» SUPPLIED MATERIAL:
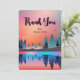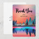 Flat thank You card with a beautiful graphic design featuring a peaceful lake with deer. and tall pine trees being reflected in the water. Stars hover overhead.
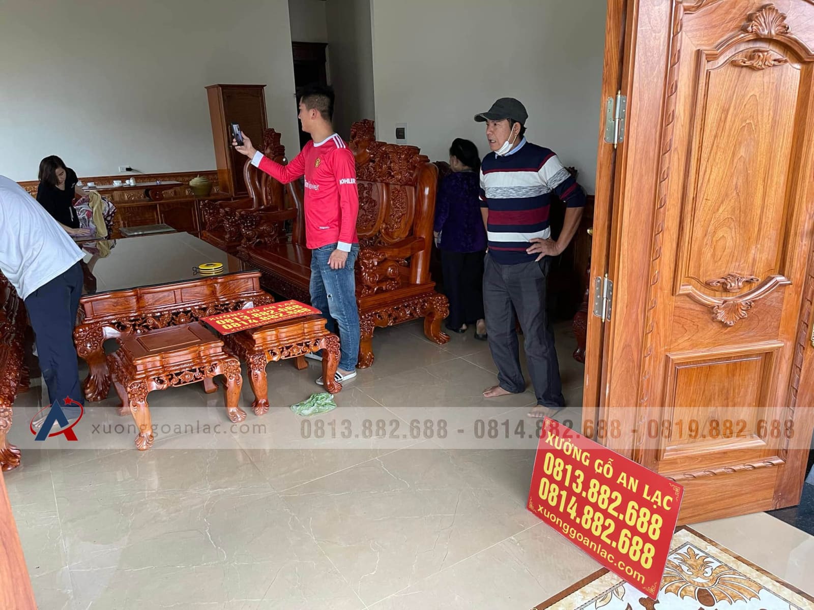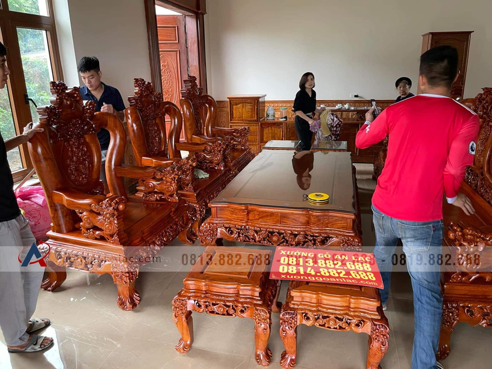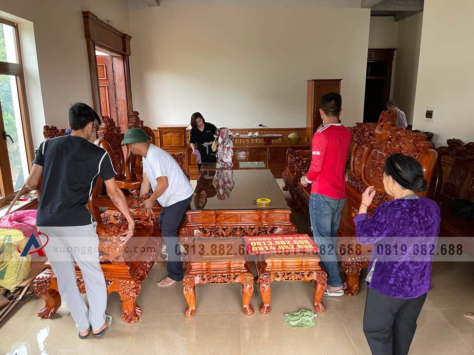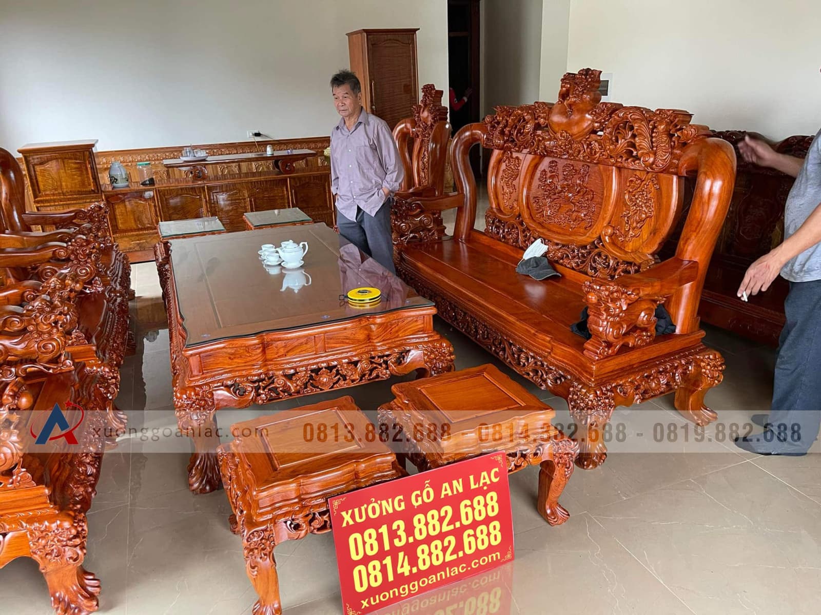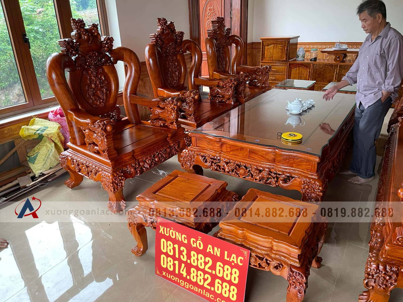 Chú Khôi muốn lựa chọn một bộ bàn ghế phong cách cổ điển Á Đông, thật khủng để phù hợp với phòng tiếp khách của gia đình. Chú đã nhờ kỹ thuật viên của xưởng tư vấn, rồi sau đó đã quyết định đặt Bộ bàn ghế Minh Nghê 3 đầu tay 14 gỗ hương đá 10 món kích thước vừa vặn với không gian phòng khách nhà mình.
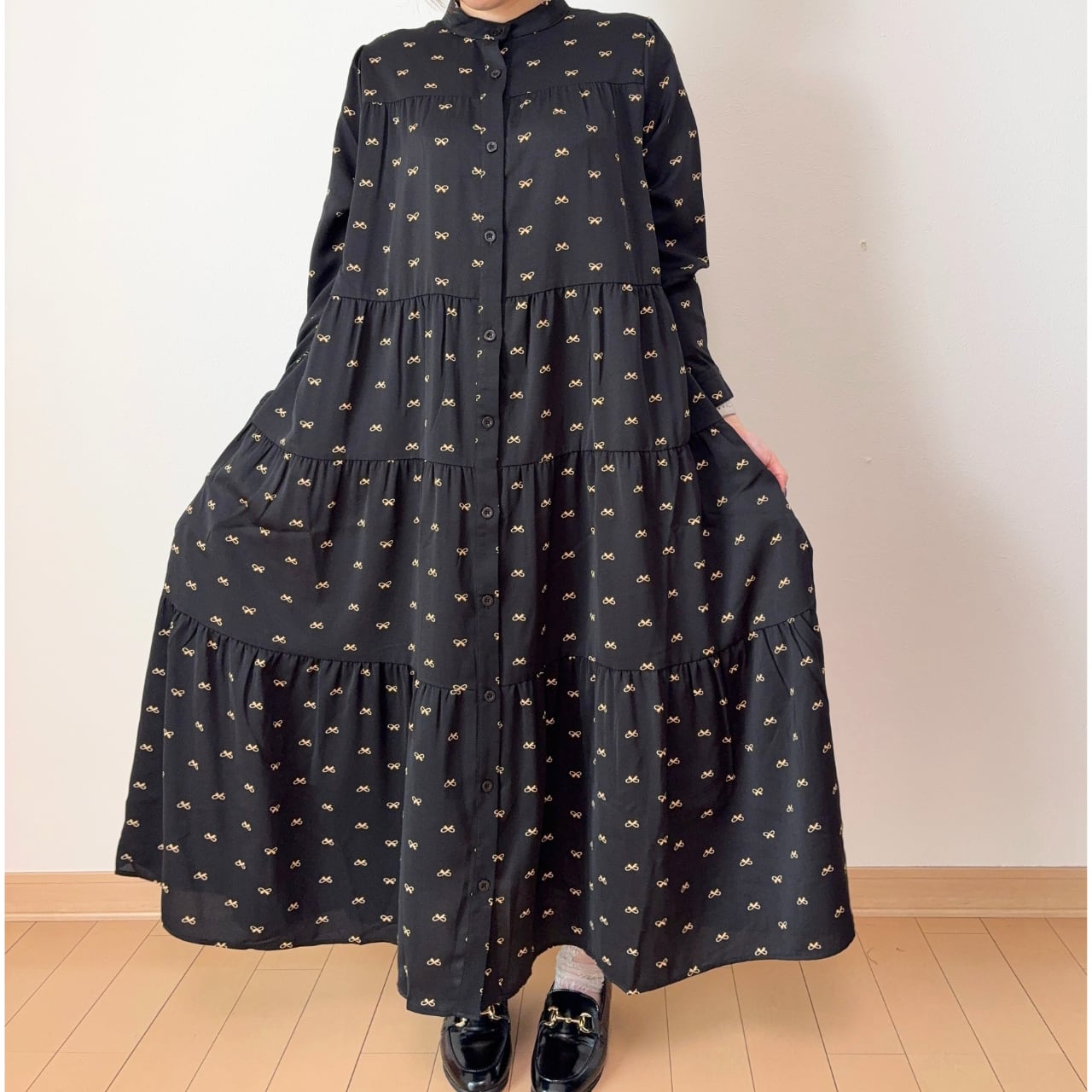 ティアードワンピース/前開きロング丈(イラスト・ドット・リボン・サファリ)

» PROBLEM DETAILS:
Every line of the data is to be transcribed exactly, and no picture is to be included.

» FINISHED EXERCISE:
 Flat thank You card with a beautiful graphic design featuring a peaceful lake with deer. and tall pine trees being reflected in the water. Stars hover overhead.
 Chú Khôi muốn lựa chọn một bộ bàn ghế phong cách cổ điển Á Đông, thật khủng để phù hợp với phòng tiếp khách của gia đình. Chú đã nhờ kỹ thuật viên của xưởng tư vấn, rồi sau đó đã quyết định đặt Bộ bàn ghế Minh Nghê 3 đầu tay 14 gỗ hương đá 10 món kích thước vừa vặn với không gian phòng khách nhà mình.
 ティアードワンピース/前開きロング丈(イラスト・ドット・リボン・サファリ)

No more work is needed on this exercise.